» **Exercise**:
From the line that contains "2025年ウッドワンけん玉ワ" to the last line of the data below, transcribe every line exactly. Do not include the pictures.

» **Data section**:
+ + +
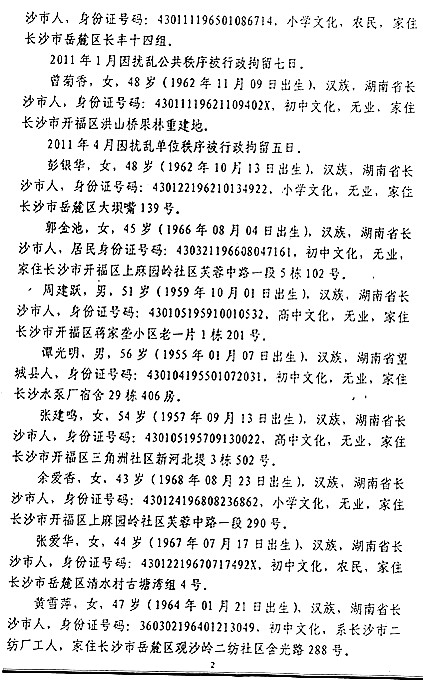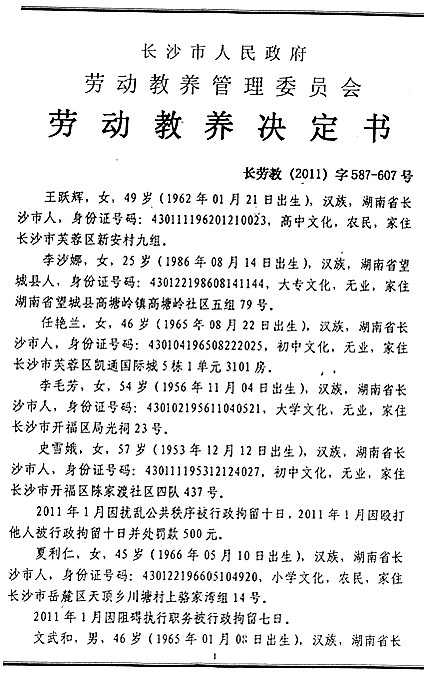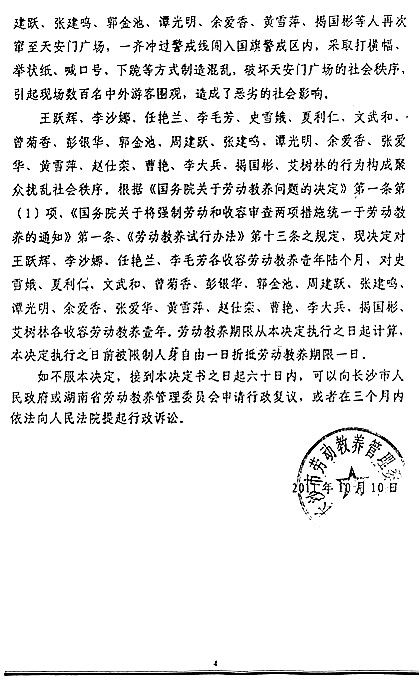 然而,当上访者回家后,长沙市公安局以扰乱社会秩序罪,把21人从长沙市五区内抓捕,2011年11月以扰乱社会秩序罪同时被长沙市劳动教养委员会裁定劳动教养,2年、1年6个月、1年,有4人逮捕至今未判。
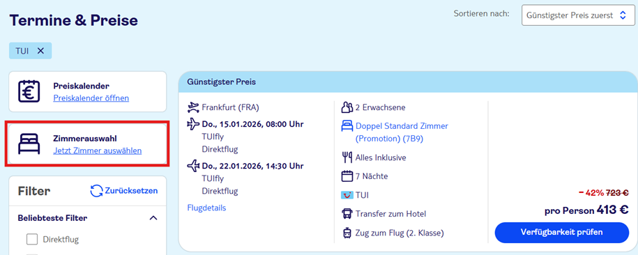 Unser Tipp: Buchen Sie bevorzugt TUI-Vertragszimmer (erkennbar an Codes wie DZX, FZX, SUX etc.) für mehr Sicherheit und klare Informationen.
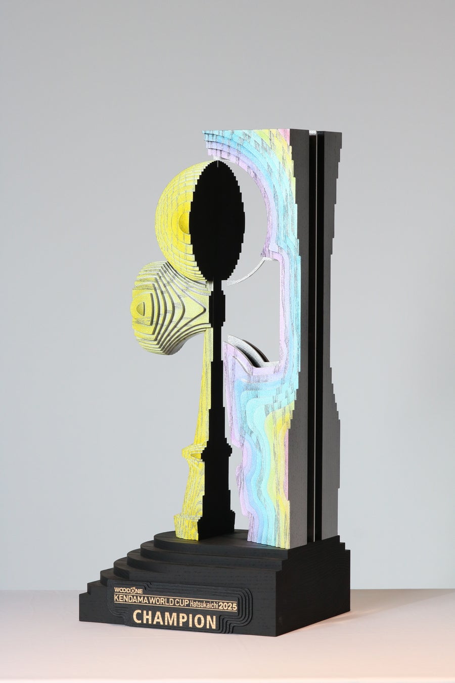 2025年ウッドワンけん玉ワールドカップの優勝トロフィーを広島県の株式会社 イワタ木工が製作
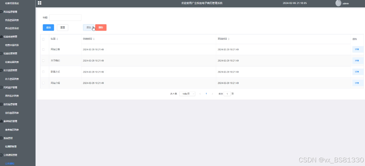 (6)检查项目管理:管理员点击“检查项目管理”会显示出所有的检查项目信息,支持增删改查。
+ + +
» **Exercise response**:
 2025年ウッドワンけん玉ワールドカップの優勝トロフィーを広島県の株式会社 イワタ木工が製作
 (6)检查项目管理:管理员点击“检查项目管理”会显示出所有的检查项目信息,支持增删改查。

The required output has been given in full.